Sementara itu, ketika Milana melihat orang yang tadi dikeroyok oleh dua kakek kembar itu terhuyung dan dipapah oleh seorang gadis cantik, dia cepat membalikkan tubuhnya mengejar kedua kakek kembar yang sudah merobohkan dua orang pengawal. Dengan pedangnya yang berkilauan Milana menerjang dan kedua orang kakek itu terpaksa harus mengerahkan kepandaian mereka karena wanita ini benar-benar amat lihai, apa lagi dibantu oleh banyak sekali pengawal yang mengurung mereka.
“Paman, kau... terluka...” Syanti Dewi memeluk tubuh yang terhuyung itu.
“Dewi... cepat... cepat bawa aku pergi... jangan sampai dia melihatku...!”
Syanti Dewi tadi telah melihat kedatangan Milana dan dia kagum meyaksikan kehebatan puteri itu. Setelah dekat dan melihat wajah Milana terkena sinar penerangan, barulah dia melihat betapa cantiknya puteri itu, walau pun wajah itu begitu pucat, begitu dingin dan muram seperti kehilangan cahayanya. Kini mendengar ucapan Gak Bun Beng, dia menjadi bingung. Mengapa penolongnya ini selalu hendak menghindarkan diri dari kekasihnya?

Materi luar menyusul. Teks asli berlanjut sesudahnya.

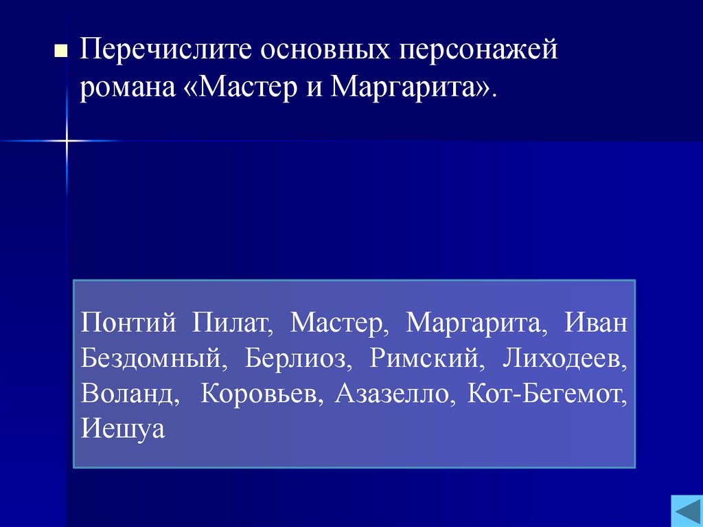 Перечислите основных персонажейромана «Мастер и Маргарита».

“Dewi, cepat... aku tak tahan lagi...” Bun Beng berbisik. “Ke sana... melalui jendela...”
Syanti Dewi tidak berani membantah dan memapah penolongnya itu memasuki kamar dan membantunya keluar melalui jendela. Ketika mereka lewat di samping rumah mereka melihat betapa pertempuran masih berlangsung dengan hebat sungguh pun kedua orang kakek itu terkepung dan terdesak oleh pedang Milana. Akan tetapi pada saat itu Milana kebetulan melirik ke arah Gak Bun Beng yang juga sedang memandang ke arah pertempuran.

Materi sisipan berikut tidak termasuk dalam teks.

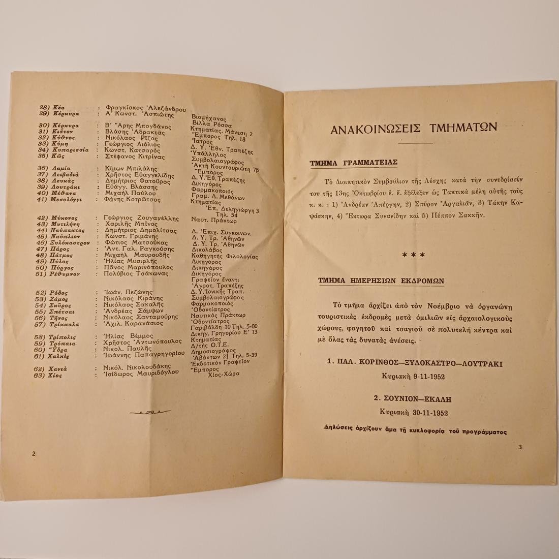 Μηνιαίο περιοδικό της Ελληνικής Περιηγητικής Λέσχης με ημερομηνία έκδοσης τον Νοέμβριο του 1952

“Gak-twako...!” Seruan lirih ini terdengar di antara suara beradunya senjata dan teriakan orang-orang.
Akan tetapi Gak Bun Beng mengenal suara Milana, maka cepat dia memondong tubuh Syanti Dewi dan melesat pergi dengan kecepatan kilat, tidak mempedulikan bahwa tenaganya sudah hampir habis. Dia berlari terus, meloncati tembok pintu gerbang, akan tetapi ketika dia sudah meloncat turun ke tempat gelap, dia terguling dan roboh pingsan di tempat gelap itu!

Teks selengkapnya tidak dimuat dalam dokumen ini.